В горле встал ком, дыхание сперло. Я сделал несколько коротких вдохов открытым ртом, расстегнул верхнюю пуговицу на рубашке. Так мастерски вывести меня из себя могла только Лёля.
Дверь распахнулась, и в комнату ураганом влетел Тим.
— Папа, Рита ведет меня в зоопарк! — Он бросился ко мне, я усадил его на колени.
— Да? А меня с собой возьмете?
Тимка бодро закивал, на его личике вмиг расплылась радостная улыбка.
В такие моменты я готов был отдать свою жизнь, только бы он так улыбался всегда — радостно и беззаботно. Ведь это счастье — видеть улыбку своего ребенка, такая привилегия есть не у всех. У Кирилла ее нет, и уже не будет. От этих грустных мыслей, я прижал к себе покрепче Тимура и прошептал: «Держись, сынок!»
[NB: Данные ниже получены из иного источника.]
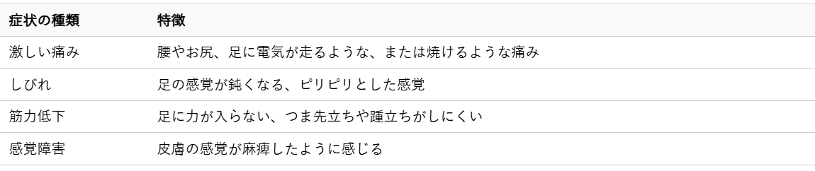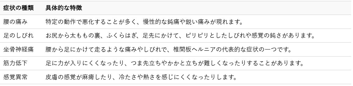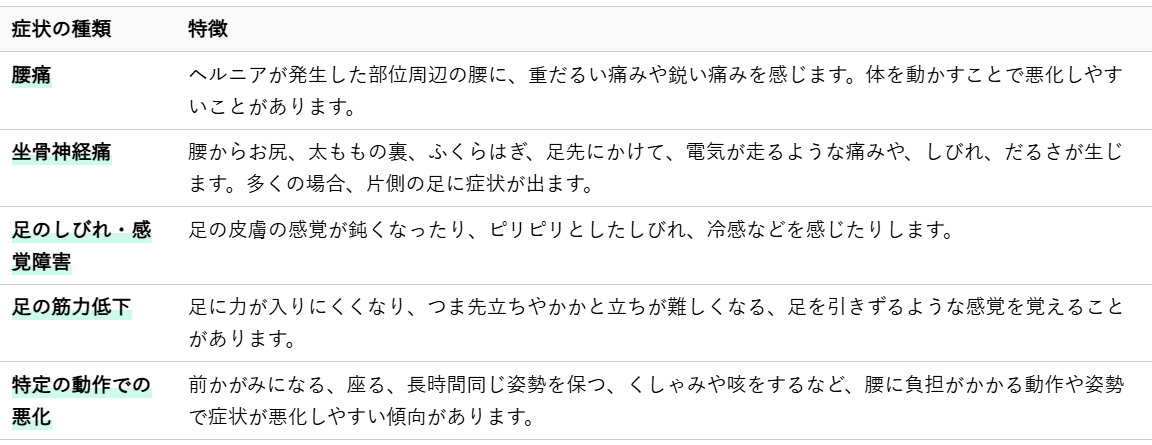 椎間板ヘルニアの主な症状は、次の表のようにまとめられます。

Сын прижался ко мне и, как всегда, поразил своей проницательностью.
— Пап, мама звонила, да?
Я посмотрел в его глаза и ответил:
— Да, она скоро приедет, передавала тебе привет.
— Со мной она говорить не хочет? — огорошил меня вопросом Тим.
Ну, Лёля! Только вернись!
— Э-э-э… ну, понимаешь… мама немного занята, — промямлил, уткнувшись в макушку сына.
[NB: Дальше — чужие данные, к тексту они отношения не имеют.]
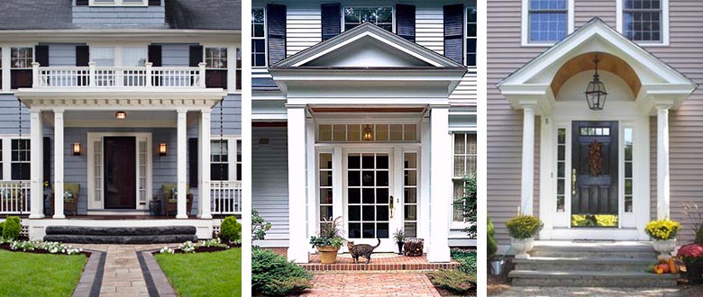 A Portico is smaller than a porch and typically just covers the front entry area. They’re both functional and decorative and can make a huge impact to the look of your home. It welcomes guests and gives protection from weather. Consider its size during the design phase so you can decide if you would like seating or space for flower pots etc. You don’t want it to look to small for the scale of your home.

— Понимаю, — тяжело вздохнул понятливый ребенок.
Через пятнадцать минут мы спустились вниз, Рита приготовила ужин и ждала нас.
Я ненадолго залюбовался ею. Темно-каштановые волосы собраны в высокий хвост, на ней коротенькие шортики и майка с Микки-Маусом. Она казалась такой домашней, теплой, родной…
Не выдержал, подошел к ней и притянул за талию. Она от неожиданности чуть не выронила тарелку, которую доставала из шкафа. Осторожно повернула голову ко мне, взглянула в глаза и прошептала «не надо» таким тоном, будто я причинял ей боль своими действиями. Я убрал руки и отошел, присев на стул рядом с Тимуром.
Ужинали мы в тишине, стараясь не смотреть друг другу в глаза.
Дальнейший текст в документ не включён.